Calculate the mass and volume of oxygen released when 29.4g pottasium chlorate decomposes to form pottasium chloride and oxygen
2KClO3 ==> 2KCl + 3O2
moles KClO3 = g/molar mass = 29.4/122.6 = approx 0.24
2 mols KClO3 will produce 3 mols O2; thereofre, 0.24 mols KClO3 will produce 0.24 x 3/2 = approx 0.36
1 mol O2 will occupy a volume of 22.4 L @ STP so 0.36 mols will have a volume of .......?
mass O2 = moles x molar mass = ?
2KClO3(s)>2KCl(s)+3O2(g)
RFM of KClO3 =39+35.5+3×16 =122.5
moles of KClO3 =29.4/122.5 =0.33moles
mole ratio of KClO3 to O2 is 2:3
moles of O2 =3/2×0.33= 0.495moles
mass=moles×molar mass
=0.495×16
=7.92g
1 mole at STP=22.4dm^3
0.495 moles=??
=0.495×22.4
=11.088dm^3
To calculate the mass and volume of oxygen released when potassium chlorate decomposes, we need to use the balanced chemical equation for the decomposition reaction of potassium chlorate:
2KClO3 -> 2KCl + 3O2
From the equation, we can see that 2 moles of potassium chlorate (KClO3) produce 3 moles of oxygen gas (O2).
First, we convert the given mass of potassium chlorate (29.4g) to moles using its molar mass. The molar mass of KClO3 is calculated by adding the atomic masses of each element: K (39.10 g/mol) + Cl (35.45 g/mol) + 3O (16.00 g/mol) = 122.55 g/mol.
moles of KClO3 = mass / molar mass = 29.4g / 122.55 g/mol ≈ 0.24 mol
Next, we use the stoichiometry of the balanced equation to determine the moles of oxygen gas released.
moles of O2 = 3 moles of O2 / 2 moles of KClO3 × 0.24 mol = 0.36 mol
Finally, we can calculate the mass and volume of oxygen using the molar mass of oxygen (O2) which is 32 g/mol, and the ideal gas law where the molar volume of a gas is 22.4 L/mol at standard temperature and pressure (STP).
Mass of O2 = moles of O2 × molar mass = 0.36 mol × 32 g/mol = 11.52 g
Volume of O2 = moles of O2 × molar volume at STP = 0.36 mol × 22.4 L/mol = 8.06 L
Therefore, the mass of oxygen released is approximately 11.52 grams, and the volume of oxygen released is approximately 8.06 liters.
To calculate the mass and volume of oxygen released when potassium chlorate decomposes, we need to use the molar ratios of the reactants and products involved in the reaction.
First, let's write the balanced chemical equation for the decomposition of potassium chlorate:
2KClO3(s) -> 2KCl(s) + 3O2(g)
According to this equation, 2 moles of potassium chlorate produce 3 moles of oxygen gas.
Step 1: Calculate the number of moles of potassium chlorate (KClO3) present in 29.4g:
To do this, we need to know the molar mass of KClO3. Potassium (K) has a molar mass of 39.10 g/mol, Chlorine (Cl) has a molar mass of 35.45 g/mol, and Oxygen (O) has a molar mass of 16.00g/mol.

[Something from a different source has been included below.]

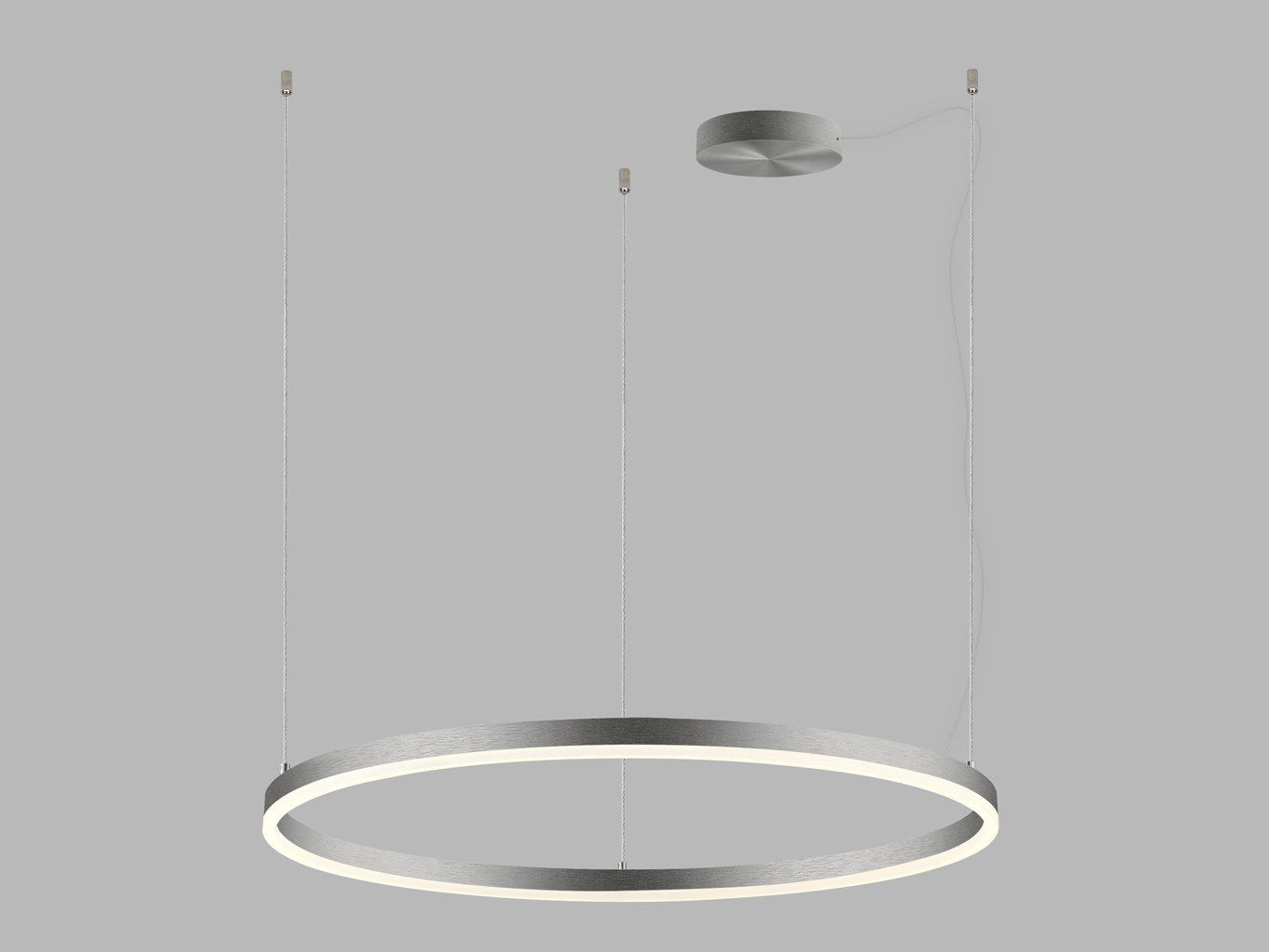 Dominantou svítidla je subtilní kruhový tvar s průměrem 800 mm, vyrobený z hliníku v matném niklovém provedení (RAL 7032). Světelný difuzor z opálového PMMA zajišťuje homogenní rozptyl světla po celém obvodu. Konstrukce je navržena pro zavěšení na lankový systém s maximální délkou 5 metrů, což umožňuje variabilní umístění v prostoru.

Molar mass of KClO3 = (1 * 39.10) + (1 * 35.45) + (3 * 16.00) = 122.55 g/mol
Number of moles of KClO3 = mass / molar mass
= 29.4 g / 122.55 g/mol
≈ 0.240 mol
Step 2: Use the molar ratio to determine the number of moles of oxygen (O2):
We know from the balanced equation that the molar ratio between KClO3 and O2 is 2:3.
Moles of O2 = 0.240 mol KClO3 * (3 mol O2 / 2 mol KClO3)
= 0.360 mol O2
Step 3: Calculate the mass of oxygen (O2):
To find the mass, we need to multiply the number of moles by the molar mass of oxygen.
Mass of O2 = moles * molar mass
= 0.360 mol * 32.00 g/mol (molar mass of O2)
= 11.52 g
So, the mass of oxygen released during the decomposition of 29.4g of potassium chlorate is 11.52g.
Step 4: Calculate the volume of oxygen (O2) at standard temperature and pressure (STP):
At STP, 1 mole of any gas occupies 22.4 liters of volume.
Volume of O2 = moles * 22.4 L/mol
= 0.360 mol * 22.4 L/mol
= 8.06 L (rounded to two decimal places)
Therefore, the volume of oxygen released during the decomposition of 29.4g of potassium chlorate is 8.06 liters at STP.